◆ **Aim of the task**: Transcribe the records below exactly as they appear, omitting any pictures.

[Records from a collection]

------

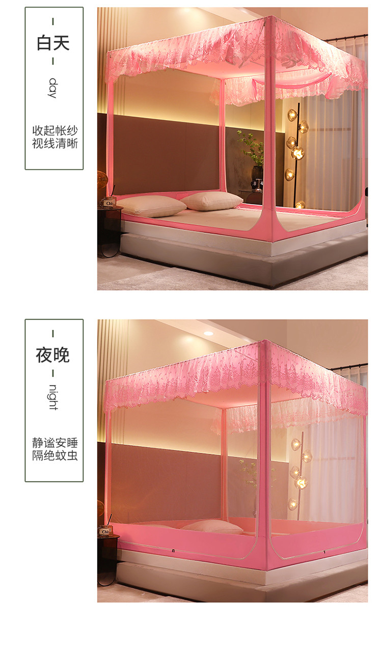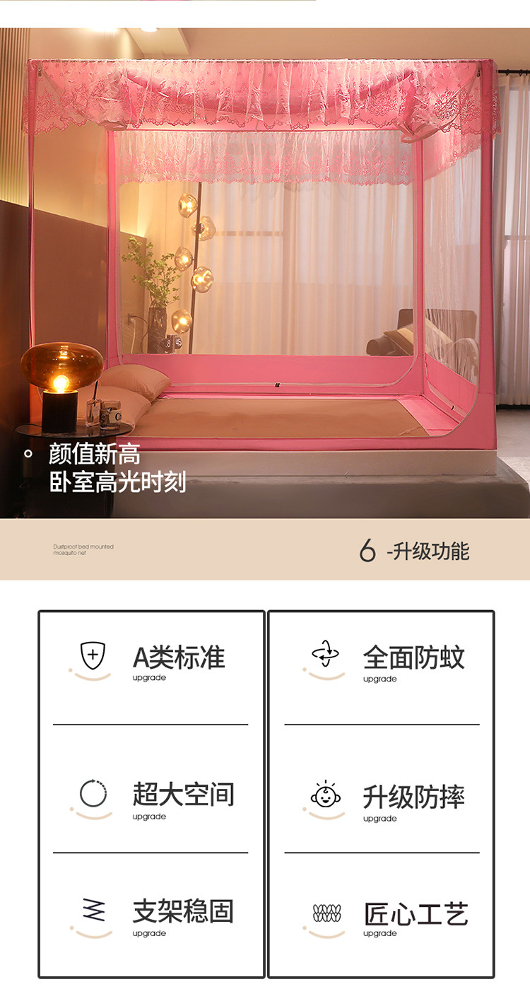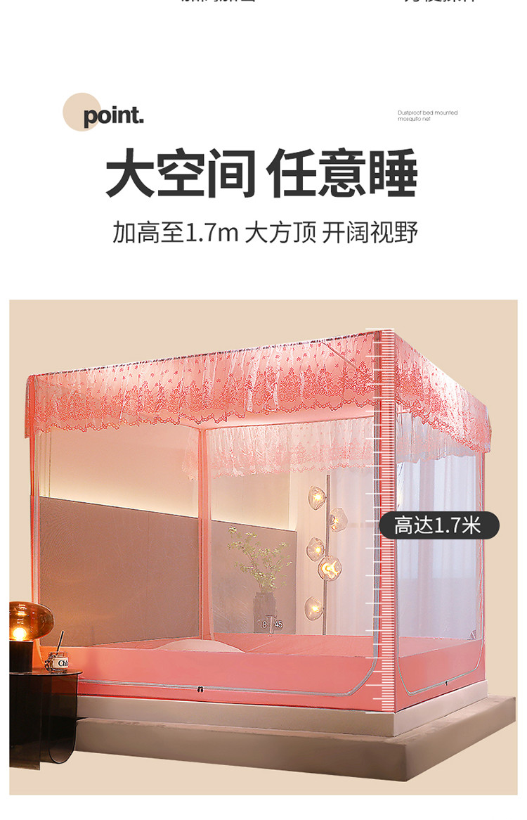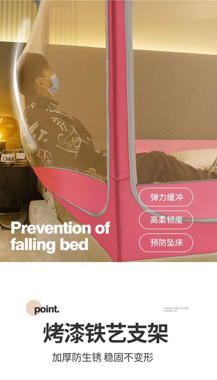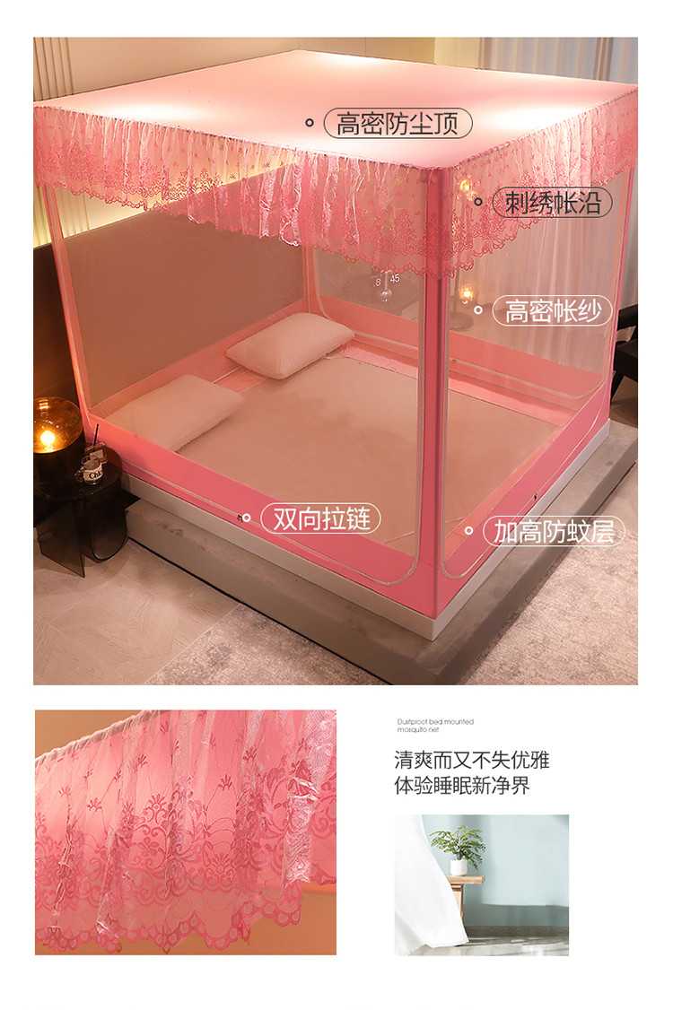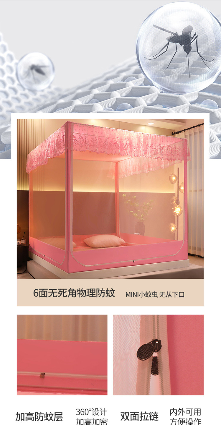 商品名称:千逸虹 2024新款防尘坐床回底蚊帐 优梦-粉玉
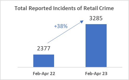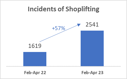 - 2,541 incidents were related to shoplifting – that's a 57% increase year on year for February-April
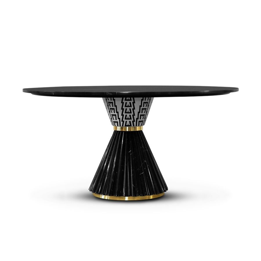 Sidney Dining Table is a luxury solution for any modern home or design project. With contrasting materials, this dining table will add that artistic flare to any dining room. WIth metallic details and a marble top, this round table is a perfect addition to your home, especially if you're working with other art deco and mid-century furniture.
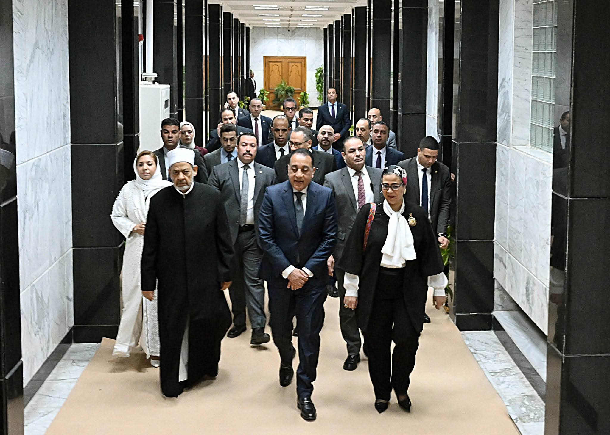 وكان في استقبال رئيس مجلس الوزراء لدى وصوله، فضيلة الإمام الأكبر، الدكتور أحمد الطيب، شيخ الأزهر الشريف، والسيدة المستشارة أمل عمار، رئيس المجلس القومي للمرأة، رئيس المجلس الوزاري لمنظمة تنمية المرأة.
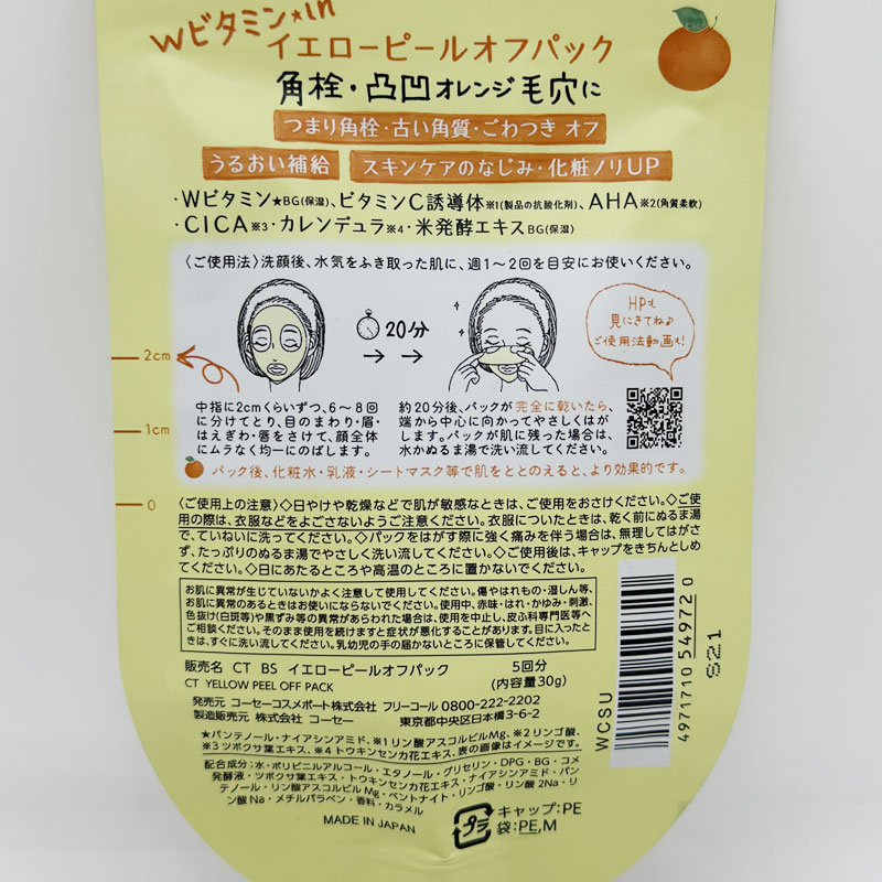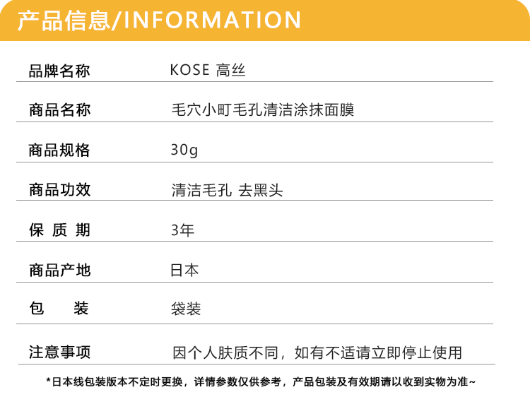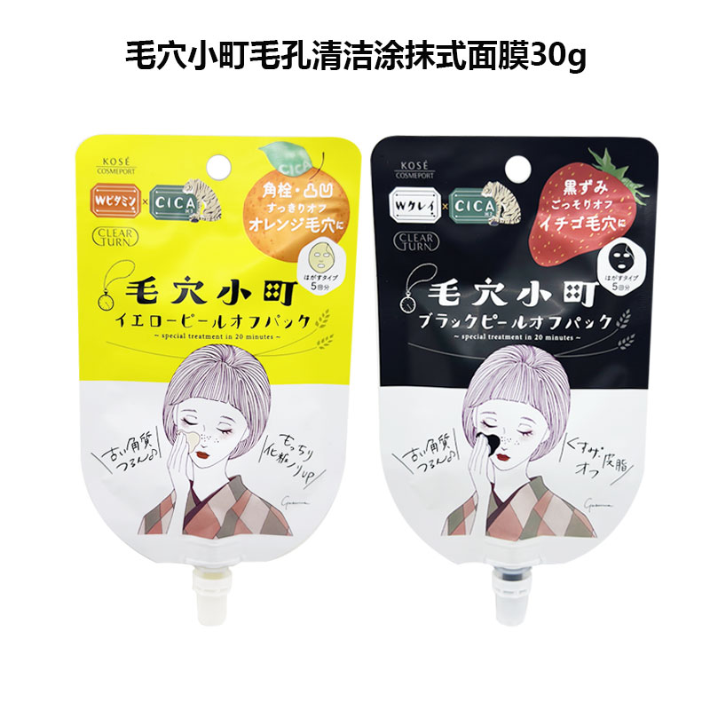 【保税仓】Kose/高丝小町黑色去黑头涂抹面膜草莓味33g/黄色清洁毛孔涂抹面膜清香味30g

------

◆ **Task result**:
 商品名称:千逸虹 2024新款防尘坐床回底蚊帐 优梦-粉玉
 - 2,541 incidents were related to shoplifting – that's a 57% increase year on year for February-April
 Sidney Dining Table is a luxury solution for any modern home or design project. With contrasting materials, this dining table will add that artistic flare to any dining room. WIth metallic details and a marble top, this round table is a perfect addition to your home, especially if you're working with other art deco and mid-century furniture.
 وكان في استقبال رئيس مجلس الوزراء لدى وصوله، فضيلة الإمام الأكبر، الدكتور أحمد الطيب، شيخ الأزهر الشريف، والسيدة المستشارة أمل عمار، رئيس المجلس القومي للمرأة، رئيس المجلس الوزاري لمنظمة تنمية المرأة.
 【保税仓】Kose/高丝小町黑色去黑头涂抹面膜草莓味33g/黄色清洁毛孔涂抹面膜清香味30g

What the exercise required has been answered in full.